Mauro Schiavi entende que não se aplica o incidente ao processo do trabalho, pois o Juiz do Trabalho promove a execução de ofício, e o incidente é incompatível com os princípios da Simplicidade e a Celeridade da execução trabalhista. Se posicionando do seguinte modo.

O presente incidente provoca complicadores desnecessários à simplicidade do processo de execução trabalhista, atrasa o procedimento (uma vez que o art. 134, §3º, do CPC, determina a suspensão do procedimento quando instaurado o incidente) e, potencialmente, em muitos casos, pode inviabilizar a efetividade da execução.[72]

Sergio Pinto Martins, em vasta explicação sobre o incidente da desconsideração da personalidade jurídica, conclui que não vê “incompatibilidade na aplicação do CPC ao processo do trabalho, pois serão observados o contraditório e a ampla defesa[73].

Segundo Martins a desconsideração da personalidade jurídica, trazida no novo CPC, “importa a implicação da certeza e da segurança jurídica ao terceiro, que poderá exercer melhor o contraditório e a ampla defesa[74], porém a desconsideração feita de ofício fere o contraditório e a ampla defesa”[75].

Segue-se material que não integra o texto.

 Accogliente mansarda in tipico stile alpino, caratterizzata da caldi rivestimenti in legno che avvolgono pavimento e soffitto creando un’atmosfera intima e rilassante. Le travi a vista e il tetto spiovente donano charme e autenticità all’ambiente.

Sustenta, ainda, em favor da aplicação do incidente ao processo do trabalho, Wolney de Macedo Cordeiro, que “todo o tema da desconsideração da personalidade jurídica era tratado no plano do direito material, sem qualquer disposição especifica no plano processual”[76], segundo ele haviam consequências danosas, tanto para a pessoa alvo da desconsideração, quanto para o próprio processo.

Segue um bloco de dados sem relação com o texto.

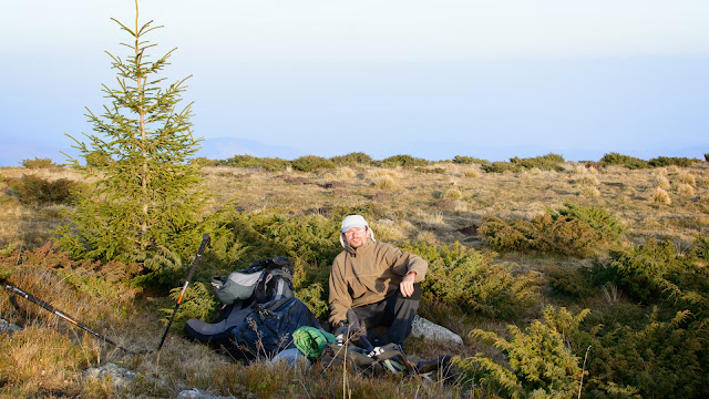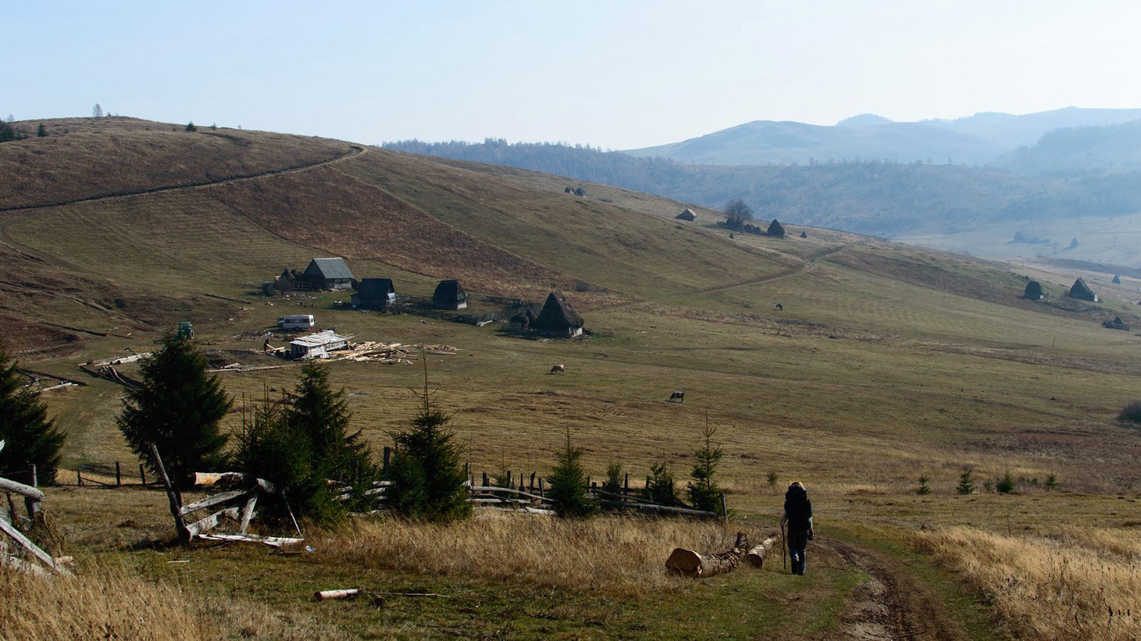 Innen a jelzés követve, egy fűrésztelepnél jobbra tartva tovább a völgyben (útbaigazítottak minket – ha a két gyönyörű kiskutya nem tereli el a figyelmünket, valószínűleg magunktól is megtaláltuk volna a helyes utat), közös megegyezés alapján újfent különváltunk, és úgy egyeztünk meg, hogy délután négykor találkozunk a kék kereszt és kék háromszög – piros kör – piros háromszög jelzések elágazásában, és majd annak közelében sátorozunk. Erre aztán úgy került sor, hogy Ákosékat annyira lekötötte az innen kínálkozó kilátás, hogy utolértük őket. Előtte még átkeltünk egy nagyon szép, hangulatos móc esztenacsoporton, hagyományos házakkal, egy-két késői nyájjal, és egy új terepjáróval. A hagyományok jól megfértek a mai kor termékeivel, egyedül a szórványosan eldobált PET palackokat nem tudom megbocsátani magamban.

Cordeiro diz não perceber qualquer tipo de incompatibilidade do instituto com o processo do trabalho, que completa no seguinte entendimento.

Os atributos da celeridade e da efetividade, típicos da execução laboral, não podem servir de pretexto para solapar as garantias do contraditório e da ampla defesa. Por outro lado, a falta de um regramento especifico para a inserção do sócio no âmbito da tutela executiva, fazia emergir certo maniqueísmo no trato da responsabilização extraordinária, pressupondo sempre a inequívoca a vinculação do terceiro à relação executiva.[77]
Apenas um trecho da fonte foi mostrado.